Moda denilince akla gelen ilk isimlerden biri elbette Christian Dior... Yarattığı tasarımlarla Paris'i yeniden modanın başkenti haline getiren ve özellikle savaş sonrasındaki çalışmalarıyla efsane haline gelen Christian Dior'un hayatına gelin Molatik olalım...
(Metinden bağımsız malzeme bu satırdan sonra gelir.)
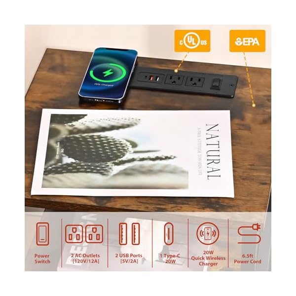 Wireless Charging Station: This end table designs with 2 AC outlets, 2 USB-A, 1 Type-C, 1 wireless charger and 1 power switch, allowing 6 devices to be charged simultaneously. The power switch enables you to control power supply by pressing switch instead of unplugging the 6.5ft power cord.

Mimar olmayı hayal ediyordu...
Christian Dior, Fransa'nın kuzeyinde, Normandiya bölgesinde bulunan Granville adlı bir sahil kasabasında doğdu. Ailesi, gübre üretimi yapan sanayici, oldukça varlıklı bir aileydi. İlk ve orta eğitimini tamamladıktan sonra diplomatik hizmetlere eleman yetiştiren bir okulda ‘siyasi bilimler’ eğitimi aldı. Fakat kendisi mimar olmayı hayal ediyordu.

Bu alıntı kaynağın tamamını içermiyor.